Leave no picture in, and give every entry again exactly.
+ + +
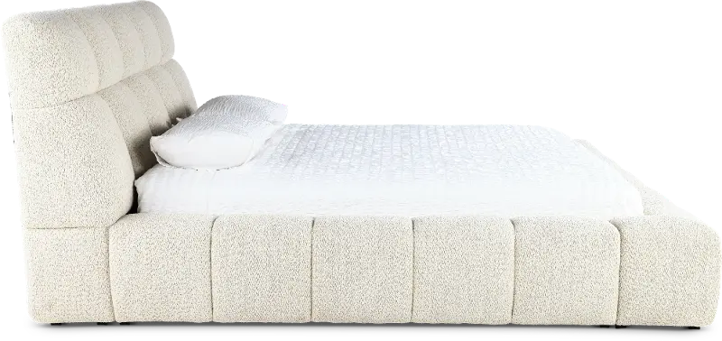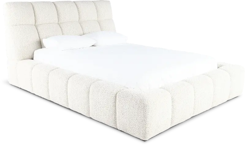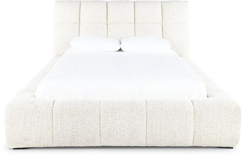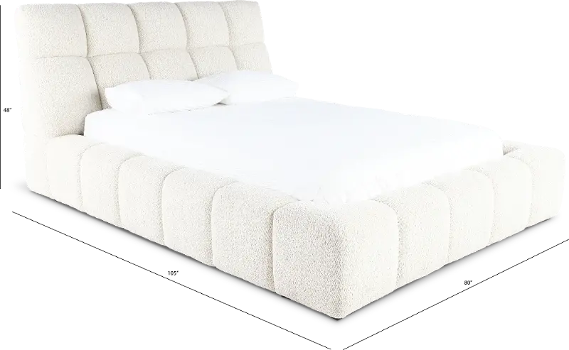 Textured in a high-performance boucle fabric with an oversized quilt patterned headboard and frame, this queen-size upholstered bed will set an invitingly plush and chic backdrop in your bedroom space.
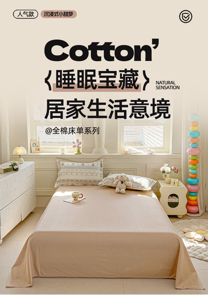 • 91家纺网 家纺一手货源 找家纺 名优家纺 2026新款12868全棉小清新印花四件套单品系列-单床单 西西莉亚
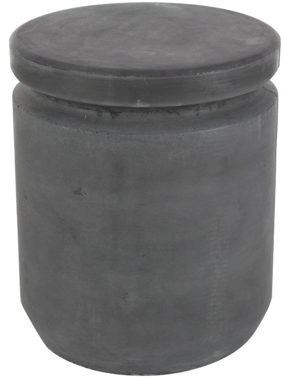 This foot stool features a solid feel thanks to its cylindrical profile and clay materials
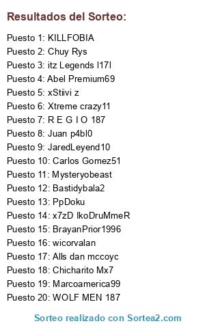 Lista de participantes: Chuy Rys, Chicharito Mx7, JaredLeyend10, Xtreme crazy11, itz Legends l17l, Alls dan mccoyc, Abel Premium69, wicorvalan, KILLFOBIA, BrayanPrior1996, Carlos Gomez51, Mysteryobeast, Juan p4bl0, x7zD IkoDruMmeR, R E G I O 187, xStiivi z, Marcoamerica99, WOLF MEN 187, Bastidybala2, PpDoku.
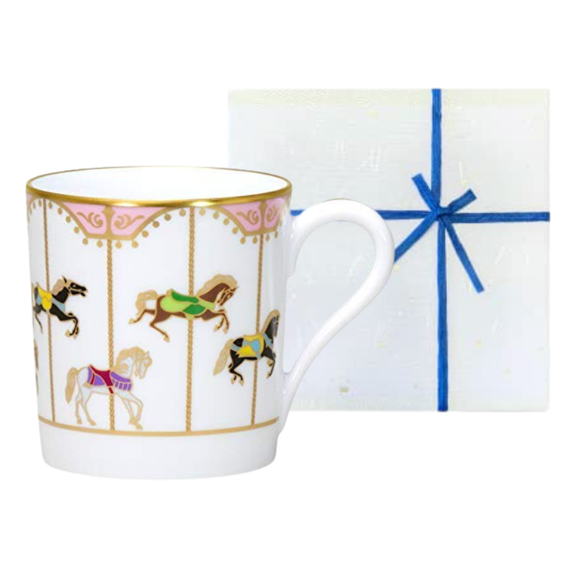 【和紙でラッピング済】 大倉陶園 うまくゆく 回転木馬 ピンク マグカップ
+ + +
* **RESPONSE TO THIS EXERCISE**:
 Textured in a high-performance boucle fabric with an oversized quilt patterned headboard and frame, this queen-size upholstered bed will set an invitingly plush and chic backdrop in your bedroom space.
 • 91家纺网 家纺一手货源 找家纺 名优家纺 2026新款12868全棉小清新印花四件套单品系列-单床单 西西莉亚
 This foot stool features a solid feel thanks to its cylindrical profile and clay materials
 Lista de participantes: Chuy Rys, Chicharito Mx7, JaredLeyend10, Xtreme crazy11, itz Legends l17l, Alls dan mccoyc, Abel Premium69, wicorvalan, KILLFOBIA, BrayanPrior1996, Carlos Gomez51, Mysteryobeast, Juan p4bl0, x7zD IkoDruMmeR, R E G I O 187, xStiivi z, Marcoamerica99, WOLF MEN 187, Bastidybala2, PpDoku.
 【和紙でラッピング済】 大倉陶園 うまくゆく 回転木馬 ピンク マグカップ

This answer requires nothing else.